Problem requirements >> Retype the records in full, and please keep the pictures out of the copy.

═════ Data shown

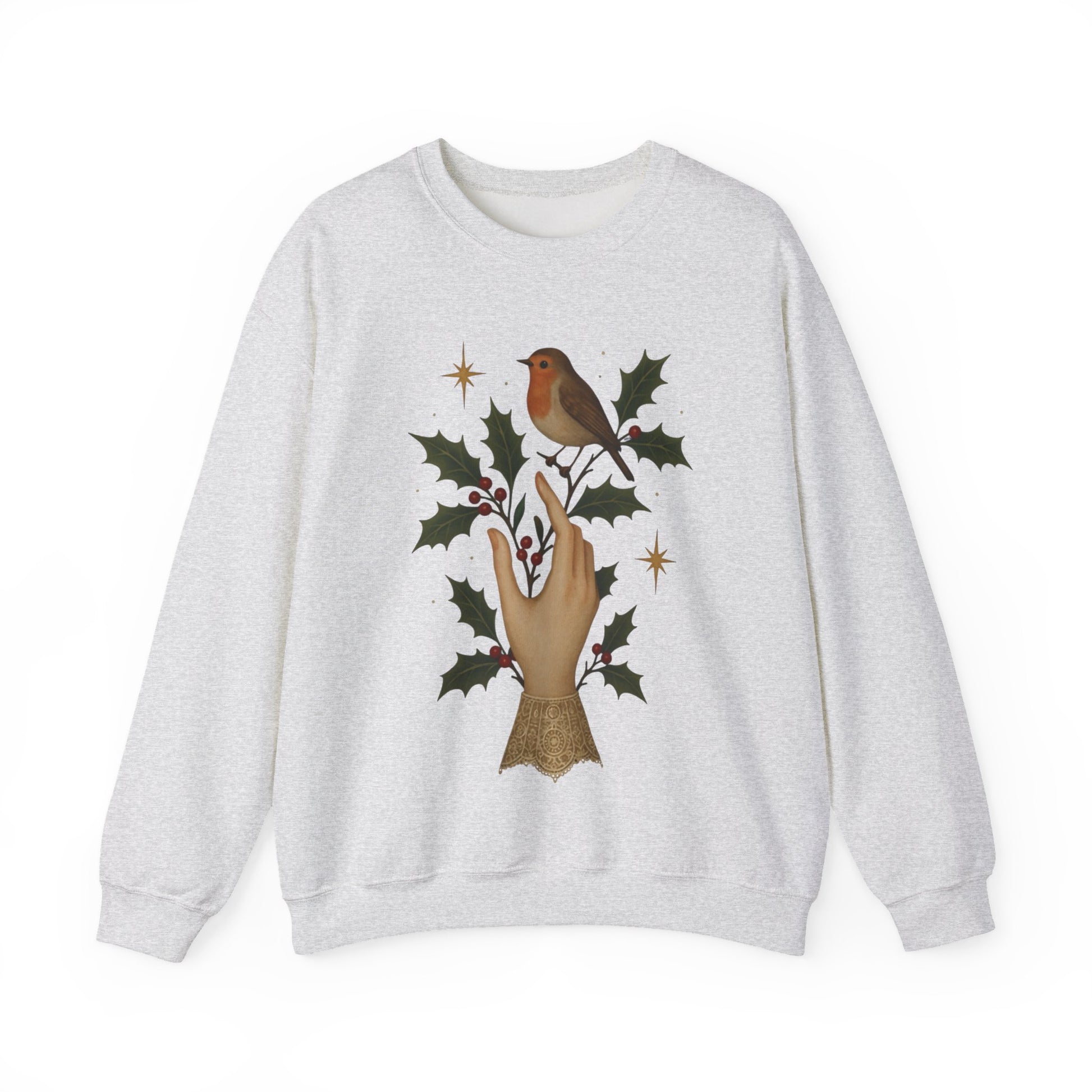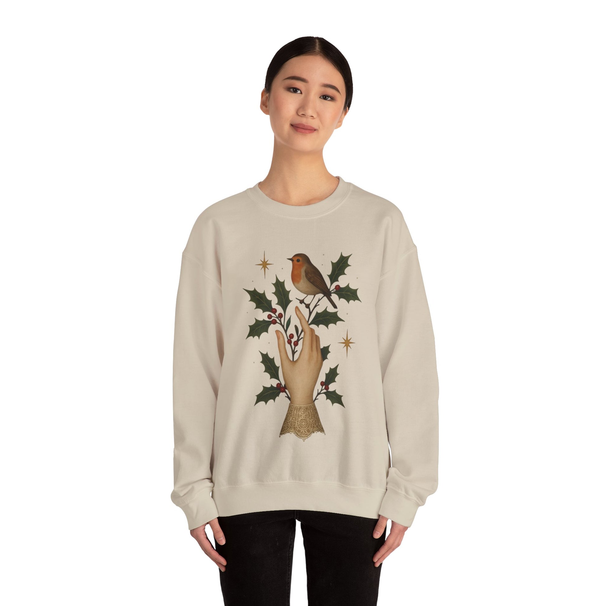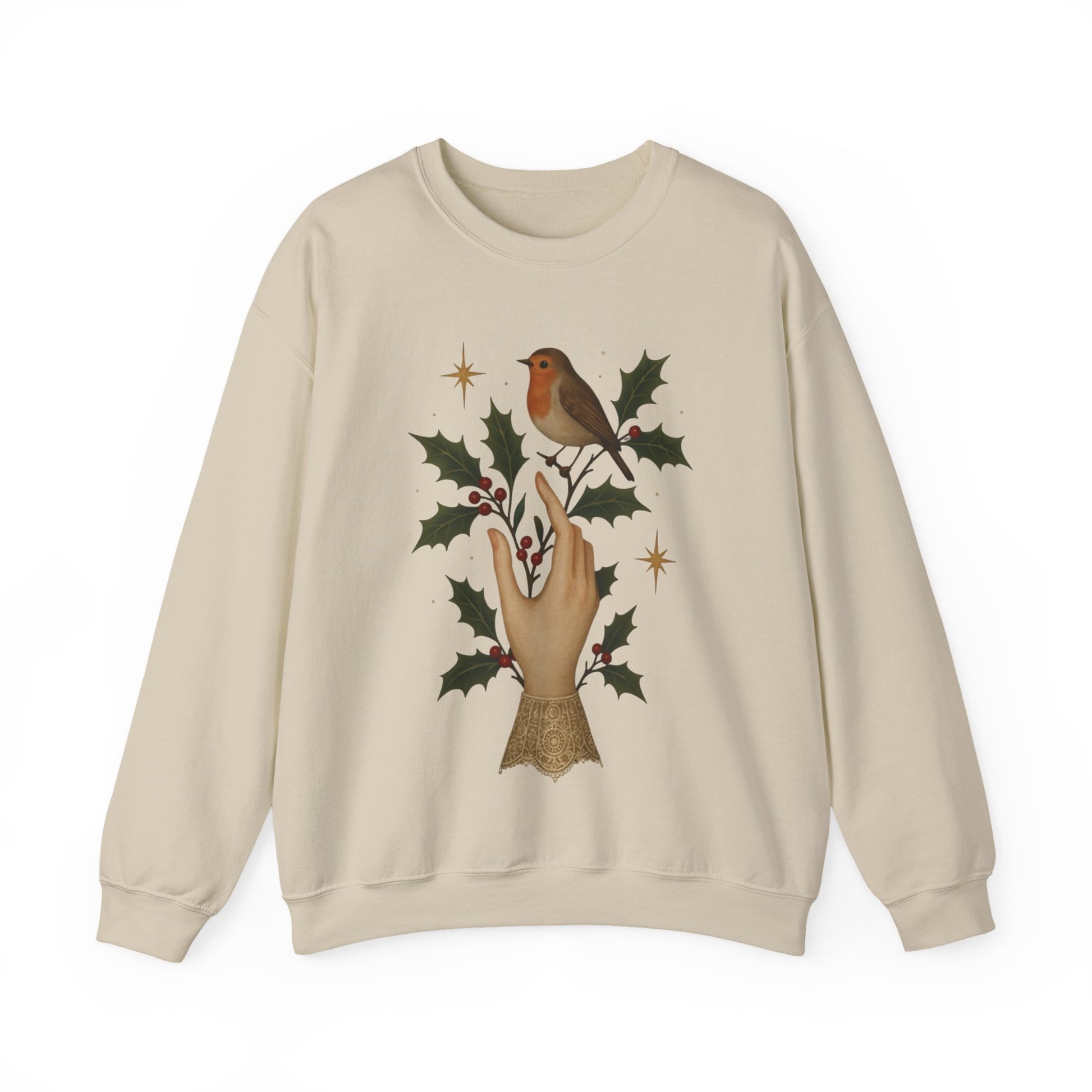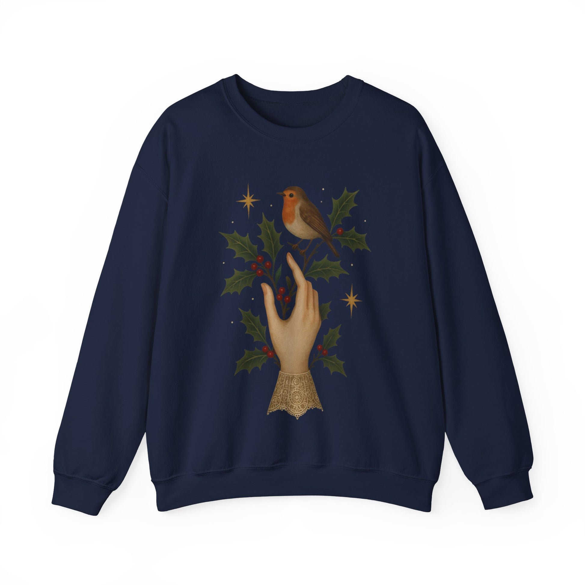 Embrace the serene magic of the season with our "Winter's Gentle Whisper" sweatshirt. 🌟 This enchanting design captures a moment of quiet grace, featuring an elegant, antique-inspired hand reaching delicately towards a branch of vibrant holly, upon which a charming robin perches, sharing a secret. Adorned with subtle golden stars, this piece evokes the warmth of tradition, the beauty of nature, and the gentle whispers of holiday wonder. Crafted for comfort and sprinkled with whimsy, it's a truly magical addition to your festive wardrobe, perfect for cozy contemplation or spreading quiet cheer.
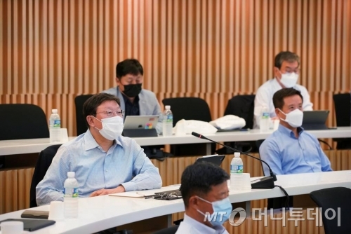 | 허태수 GS회장(왼쪽)이 17일 GS남촌리더십센터에서 열린 제2회 GS임원포럼에 참석해 코로나19 위기극복을 위한 방안을 경청하고 있다./사진제공=GS |
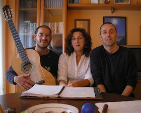 | Rafael Moriel en un ensayo junto al músico Jaime Yacamán y Dori del Mazo |
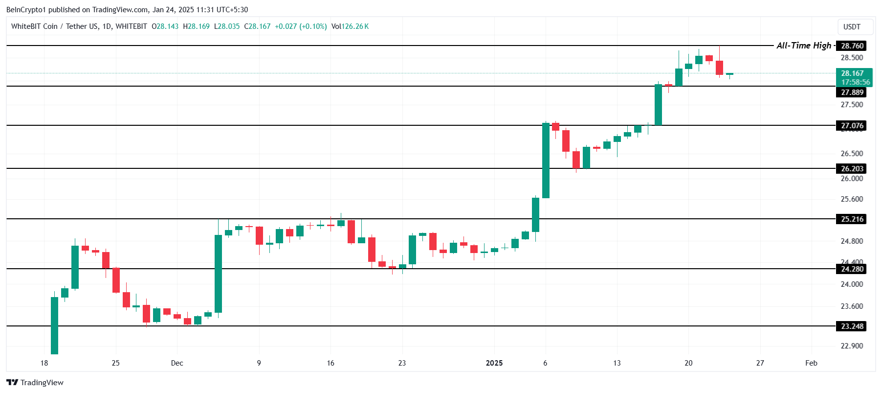 وصل WBT إلى أعلى مستوى له على الإطلاق خلال التداول اليومي في الـ 24 ساعة الماضية، حيث بلغ 28,76$ قبل أن يتراجع قليلاً إلى 28,16$. يبرز هذا الارتفاع الأخير الأداء القوي للعملة البديلة وسط سوق متقلب.
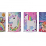 - Čaroben dizajn z motivom samorogov, ki otroke zabava in motivira k varčevanju.
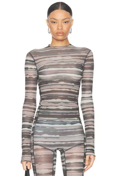 KNWLS Halcyon Top in Bleach Stripe - Grey. Size L (also in M, S, XS). 83% polyester 17% elastane. Made in Portugal. Machine wash. Pull-on styling. Mockneck styling. Light-weight jersey fabric with lettuce hem design. Item not sold as a set. KNLF-WS15. FW24-HT0BLSTRIPE. About the designer:
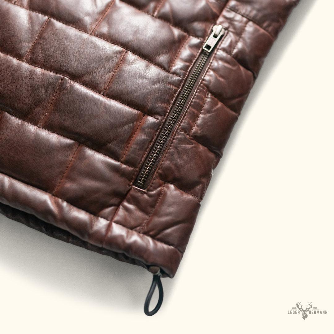 Gefertigt aus hochwertigem Schafsleder, entwickelt diese Weste mit der Zeit eine edle Patina und fühlt sich bereits beim ersten Tragen weich und strapazierfähig an.
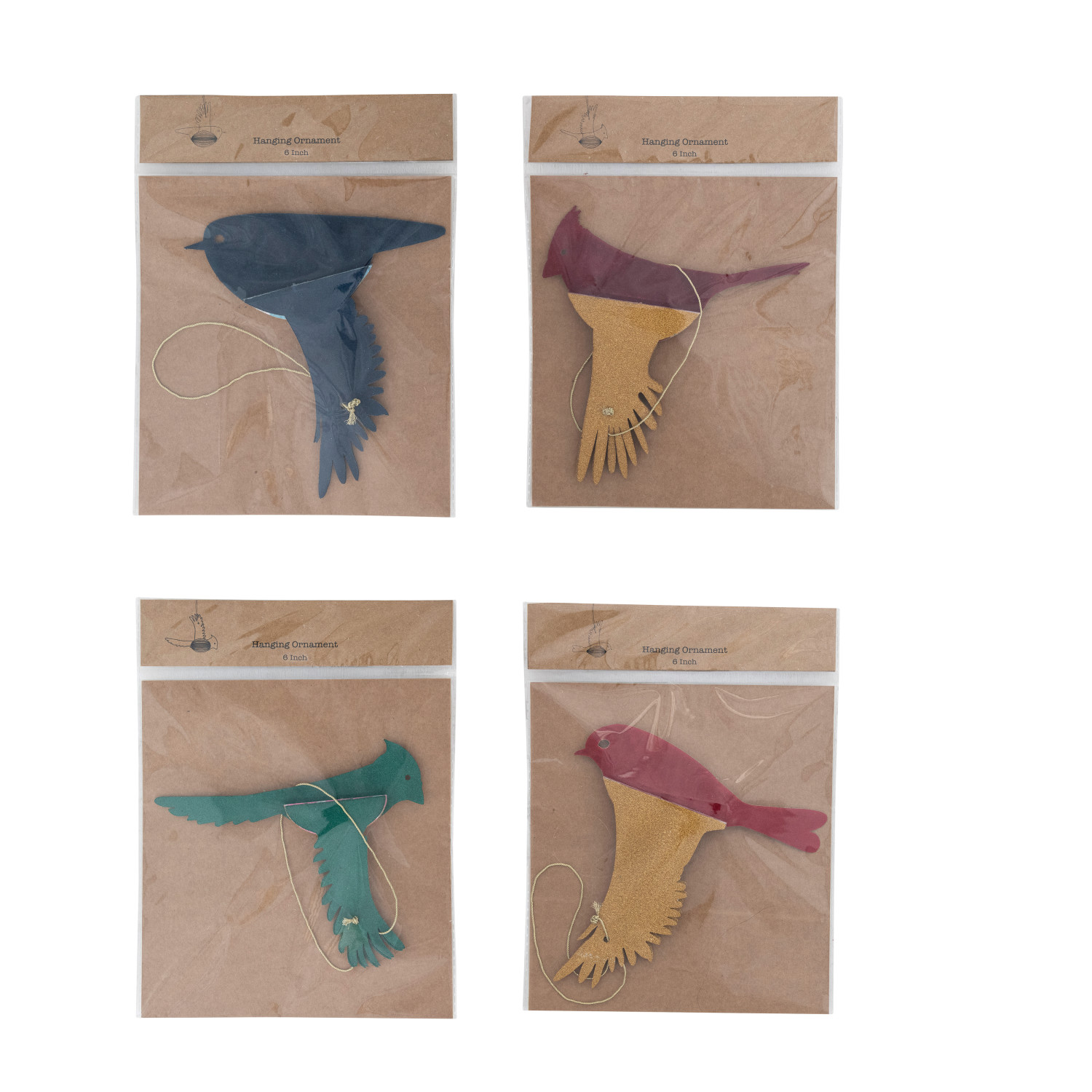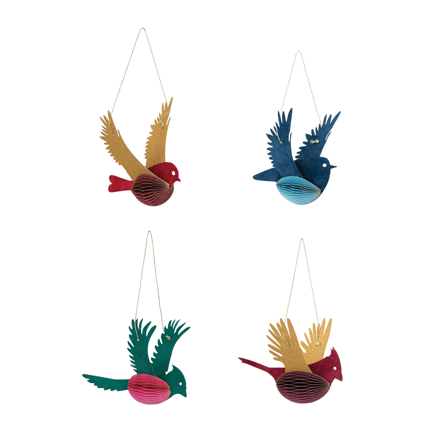 Catalog Name: 5"H Handmade Recycled Paper Folding Honeycomb Bird Ornament w/ Glitter, Multi Color, 4 Styles

══════════

Expected output >>
 Embrace the serene magic of the season with our "Winter's Gentle Whisper" sweatshirt. 🌟 This enchanting design captures a moment of quiet grace, featuring an elegant, antique-inspired hand reaching delicately towards a branch of vibrant holly, upon which a charming robin perches, sharing a secret. Adorned with subtle golden stars, this piece evokes the warmth of tradition, the beauty of nature, and the gentle whispers of holiday wonder. Crafted for comfort and sprinkled with whimsy, it's a truly magical addition to your festive wardrobe, perfect for cozy contemplation or spreading quiet cheer.
 | 허태수 GS회장(왼쪽)이 17일 GS남촌리더십센터에서 열린 제2회 GS임원포럼에 참석해 코로나19 위기극복을 위한 방안을 경청하고 있다./사진제공=GS |
 | Rafael Moriel en un ensayo junto al músico Jaime Yacamán y Dori del Mazo |
 وصل WBT إلى أعلى مستوى له على الإطلاق خلال التداول اليومي في الـ 24 ساعة الماضية، حيث بلغ 28,76$ قبل أن يتراجع قليلاً إلى 28,16$. يبرز هذا الارتفاع الأخير الأداء القوي للعملة البديلة وسط سوق متقلب.
 - Čaroben dizajn z motivom samorogov, ki otroke zabava in motivira k varčevanju.
 KNWLS Halcyon Top in Bleach Stripe - Grey. Size L (also in M, S, XS). 83% polyester 17% elastane. Made in Portugal. Machine wash. Pull-on styling. Mockneck styling. Light-weight jersey fabric with lettuce hem design. Item not sold as a set. KNLF-WS15. FW24-HT0BLSTRIPE. About the designer:
 Gefertigt aus hochwertigem Schafsleder, entwickelt diese Weste mit der Zeit eine edle Patina und fühlt sich bereits beim ersten Tragen weich und strapazierfähig an.
 Catalog Name: 5"H Handmade Recycled Paper Folding Honeycomb Bird Ornament w/ Glitter, Multi Color, 4 Styles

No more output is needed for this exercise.